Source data
■ ■ ■ ■ ■

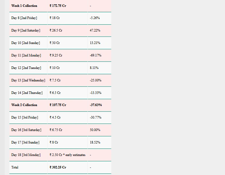 60 करोड़ के बजट से बनी ये फिल्म अभी तक सिर्फ भारत में ही 302.25 करोड़ रुपए कमा चुकी है। सैयारा एक लव स्टोरी है जो कि, सीधे मूवी लवर्स को दिलों में उतर रही है। सैयारा ने ऑपनिंग डे पर 21.5 करोड़ का कलेक्शन किया था। इसके साथ ही 16वें दिन ये कमाई 6.75 करोड़ रुपए थी। वहीं, 17वें दिन सैयारा का कलेक्शन 8 करोड़ तक पहुंच गया है।
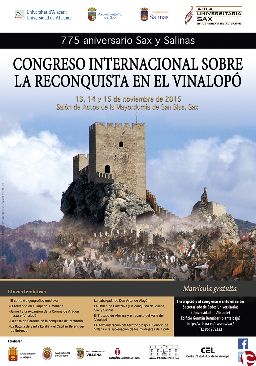 Se cumple este año el 775 aniversario de la conquista cristiana de las tierras del Alto y Medio Vinalopó, y los ayuntamientos de Sax y Salinas colaboran con la Universidad de Alicante, a través de su Aula de Extensión Universitaria radicada en Sax, para celebrar un Congreso Internacional sobre esa cricunstancia histórica, en colaboración con otros ayuntamientos e instituciones como el M.I. Ayuntamiento de Villena.
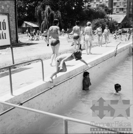 nyaralás nyár strand fürdőruha bikini medence búvárfelszerelés gyerek Szekszárd Tolna megye Magyarország 1975 Bakó JenőFotó részletei
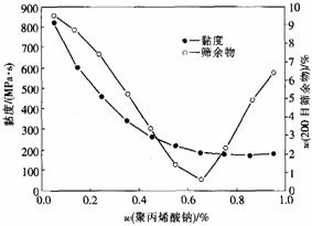 图2 聚丙烯酸钠的加入量对泥浆黏度和筛余物的影响
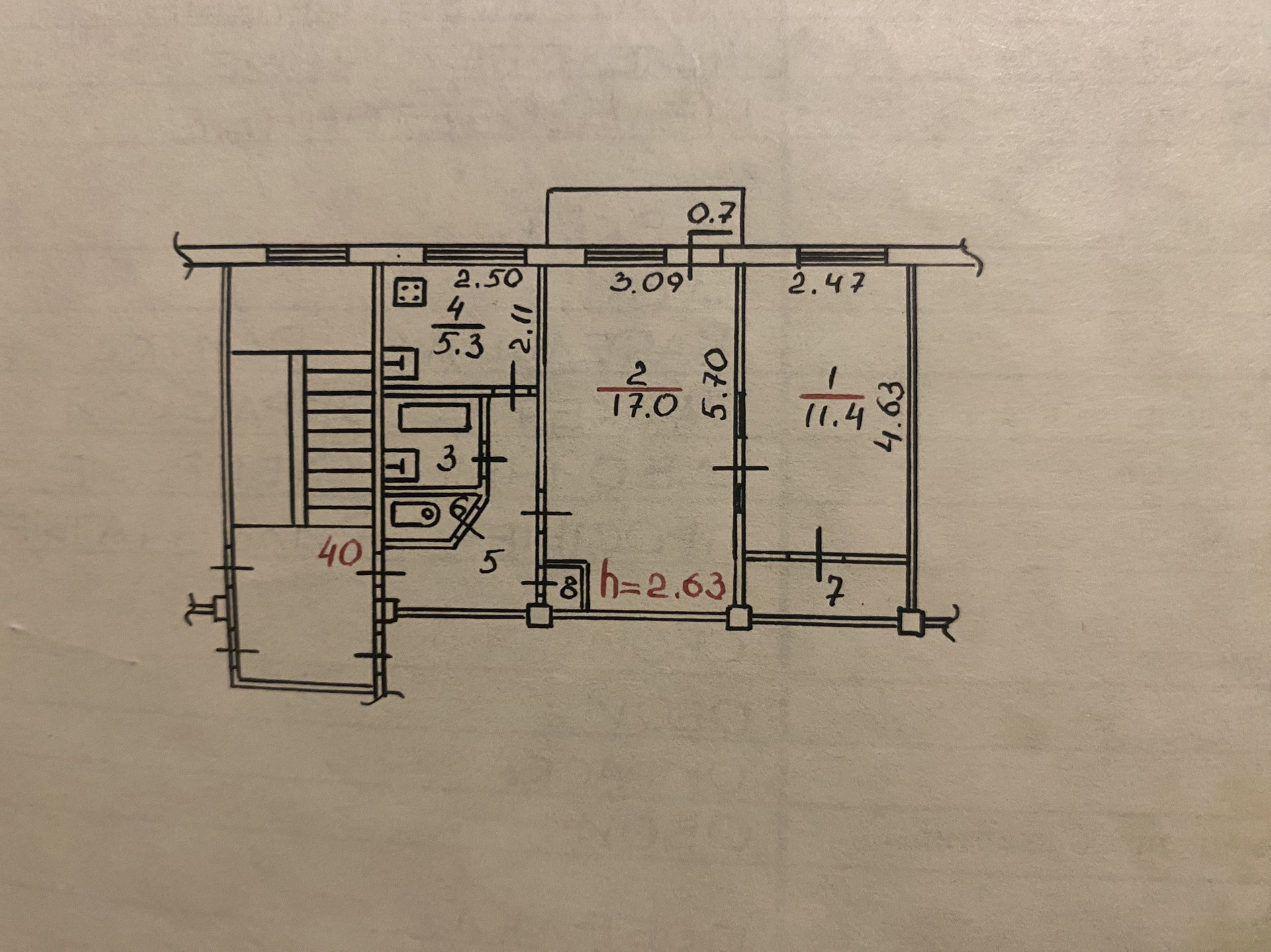 Площадь кухни 5.3 м2
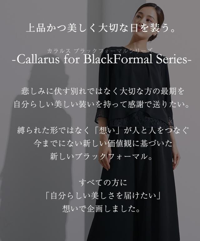 【Callarus(カラルス)】 〜for Black Formal〜まっすぐブレない美しさで人々を魅了する花“calla lily”とラテン語で輝くという意味の“clarus”を合わせた造語がブランド名の由来です。<自分らしく上品で美しい装いを大切にする方へ>縛られたカタチではなく、「想い」が人と人をつなぐシーンにもテイストにも年齢にも縛られない自由な着こなしを実現する新しいブラックフォーマル。 こだわりポイント軽快な着用感の涼やかレースブラウスワイドパンツセットスーツレイヤードレースデザインブラウスで

■ ■ ■ ■ ■

[Prompt]
Exactly as written, set down each line of the records, leaving out the pictures.

[Answer to this exercise]
 60 करोड़ के बजट से बनी ये फिल्म अभी तक सिर्फ भारत में ही 302.25 करोड़ रुपए कमा चुकी है। सैयारा एक लव स्टोरी है जो कि, सीधे मूवी लवर्स को दिलों में उतर रही है। सैयारा ने ऑपनिंग डे पर 21.5 करोड़ का कलेक्शन किया था। इसके साथ ही 16वें दिन ये कमाई 6.75 करोड़ रुपए थी। वहीं, 17वें दिन सैयारा का कलेक्शन 8 करोड़ तक पहुंच गया है।
 Se cumple este año el 775 aniversario de la conquista cristiana de las tierras del Alto y Medio Vinalopó, y los ayuntamientos de Sax y Salinas colaboran con la Universidad de Alicante, a través de su Aula de Extensión Universitaria radicada en Sax, para celebrar un Congreso Internacional sobre esa cricunstancia histórica, en colaboración con otros ayuntamientos e instituciones como el M.I. Ayuntamiento de Villena.
 nyaralás nyár strand fürdőruha bikini medence búvárfelszerelés gyerek Szekszárd Tolna megye Magyarország 1975 Bakó JenőFotó részletei
 图2 聚丙烯酸钠的加入量对泥浆黏度和筛余物的影响
 Площадь кухни 5.3 м2
 【Callarus(カラルス)】 〜for Black Formal〜まっすぐブレない美しさで人々を魅了する花“calla lily”とラテン語で輝くという意味の“clarus”を合わせた造語がブランド名の由来です。<自分らしく上品で美しい装いを大切にする方へ>縛られたカタチではなく、「想い」が人と人をつなぐシーンにもテイストにも年齢にも縛られない自由な着こなしを実現する新しいブラックフォーマル。 こだわりポイント軽快な着用感の涼やかレースブラウスワイドパンツセットスーツレイヤードレースデザインブラウスで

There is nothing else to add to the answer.